Demographic and Clinical Factors Related to Severe COVID-19 Infection and Mortality in Patients With Schizophrenia.

机构信息

Psychiatry Department, Uşak University Medical Faculty, Uşak, Turkey.

出版信息

J Nerv Ment Dis. 2022 Apr 1;210(4):257-263. doi: 10.1097/NMD.0000000000001500.

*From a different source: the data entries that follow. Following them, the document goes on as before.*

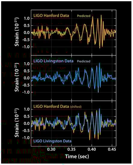 Plots of the first signal of GWs observed by the two LIGO detectors. The top two panels show data received at LLO and LHO and the waveform calculated, taking GR into account. The X-axis represents the time, and Y-axis represents the strain. Strain implies the slight variations in the distances. The bottom plot compares data from both detectors. There is a variation in the orientation of the instruments at the two sites. Therefore, LHO data have been inverted for comparison. There is also a shift in data to include the GW signals’ travel time between Livingston and Hanford (Courtesy Caltech/MIT/LIGO Laboratory) [].
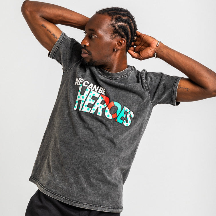 We can be Heroes: juntas lo somos. - Camiseta Unisex de algodón efecto desgastado: Camiseta UNISEX de corte recto, cuello redondo y manga corta con sisa. - 100% Algodón. - Lavar a máquina en agua fría. No usar blanqueador. No usar secadora. Secar colgado a la sombra. Planchado a temperatura baja, por debajo de 100 ºC. Planchar del revés. No dejar la plancha parada sobre la prenda. Lavar con colores similares
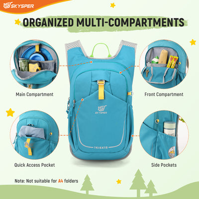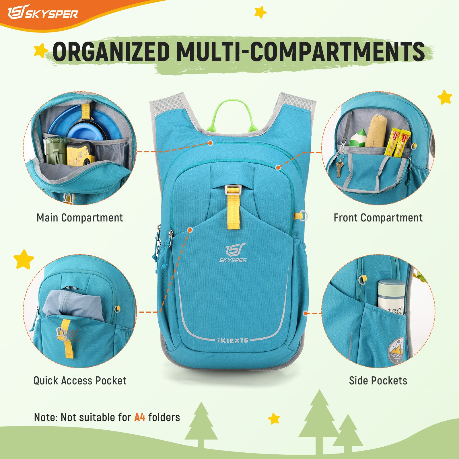 • Multi-Compartments: Our 15 liter kid backpack is perfectly sized for daily necessities without feeling overloaded. It featurs a spacious main compartment with a sleeve for hydration, a front compartment for smaller items, and a quick-access pocket for extra clothes or towels (hydration bladder not inclued)
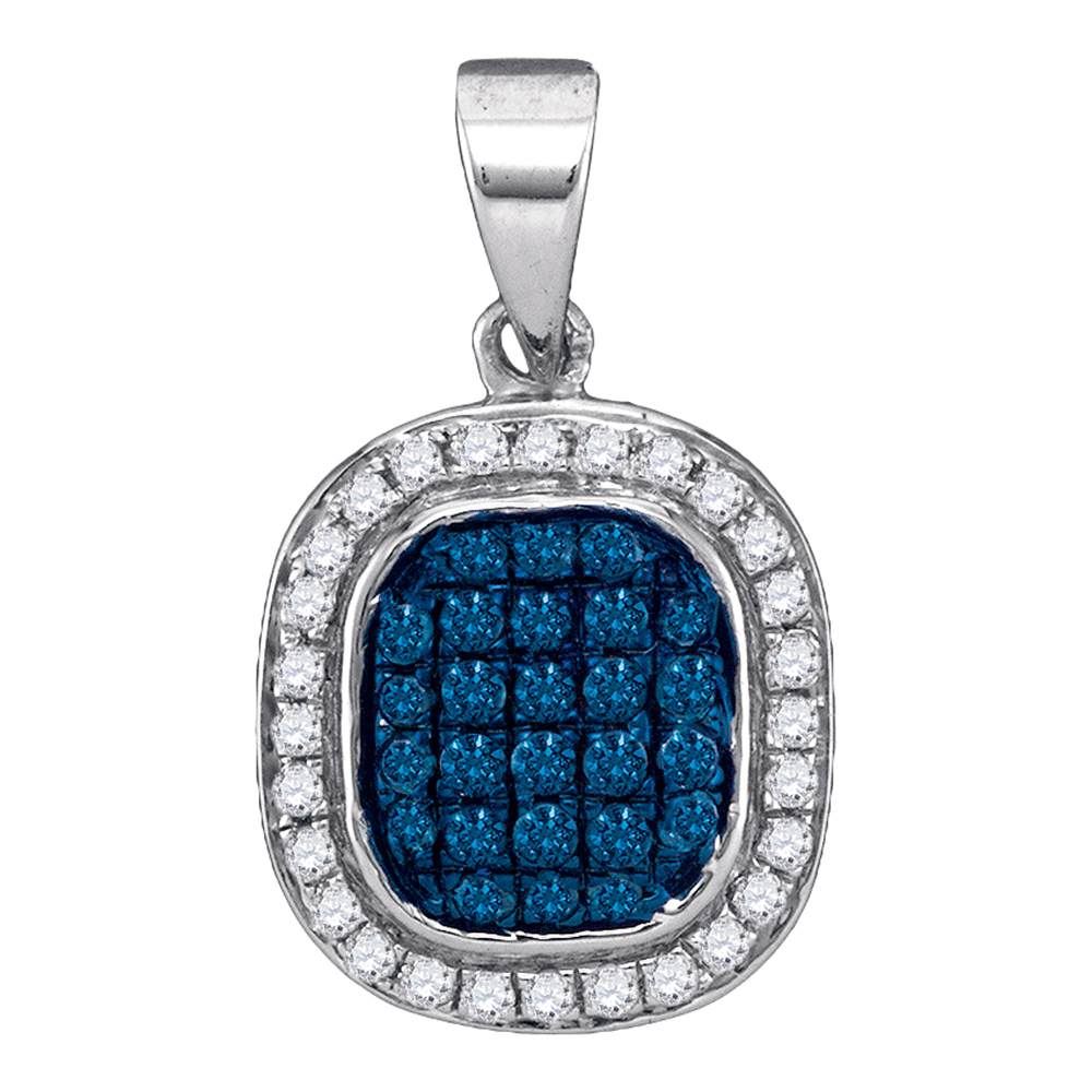 REF-14N9F- SKU: GD88915 ---- 0.25 CTW Blue Color Diamond Square Cluster Pendant 10KT White Gold

DOI:10.1097/NMD.0000000000001500
PMID:35212665
原文链接:https://pmc.ncbi.nlm.nih.gov/articles/PMC8963440/
Abstract

We aimed to explore the prevalence and determinants of severe COVID-19 disease and mortality in patients with schizophrenia in this study. We conducted a retrospective observational study of 1620 patients with schizophrenia. Of the 1620 patients, 52 (3.2%) tested positive for SARS-CoV-19. Among SARS-CoV-2-positive patients, 40 patients were hospitalized, and 17 patients required intensive care unit admission due to COVID-19 (76.9% and 32.7%, respectively). Severe COVID-19 disease was noted in 17 patients (32.7%) requiring intubation. In the logistic regression analysis, antipsychotic dose, and comorbidity score were independently associated with a greater risk of severe COVID-19 disease in patients with schizophrenia. Our study suggests that factors such as age, sex, comorbidities, and a daily antipsychotic dose may have effects on the poor outcome of SARS-CoV-2 disease in schizophrenia patients. In addition, the current findings propose that mortality may be associated with an older age, comorbidity score, and a longer duration of psychiatric disease among the SARS-CoV-2-positive patients with schizophrenia. However, the findings of our study should be verified in prospective and larger sample studies.

摘要

本研究旨在探讨精神分裂症患者中严重 COVID-19 疾病和死亡率的流行情况和决定因素。我们对 1620 例精神分裂症患者进行了回顾性观察性研究。在 1620 例患者中,有 52 例(3.2%)SARS-CoV-19 检测呈阳性。在 SARS-CoV-2 阳性患者中,有 40 例住院,17 例因 COVID-19 需要重症监护病房入院(分别为 76.9%和 32.7%)。严重 COVID-19 疾病在 17 例(32.7%)需要插管的患者中可见。在逻辑回归分析中,抗精神病药剂量和合并症评分与精神分裂症患者发生严重 COVID-19 疾病的风险增加独立相关。我们的研究表明,年龄、性别、合并症和每日抗精神病药剂量等因素可能对精神分裂症患者 SARS-CoV-2 疾病的不良结局产生影响。此外,目前的研究结果表明,死亡率可能与 SARS-CoV-2 阳性精神分裂症患者的年龄较大、合并症评分较高和精神疾病持续时间较长有关。然而,我们的研究结果需要在前瞻性和更大样本的研究中进行验证。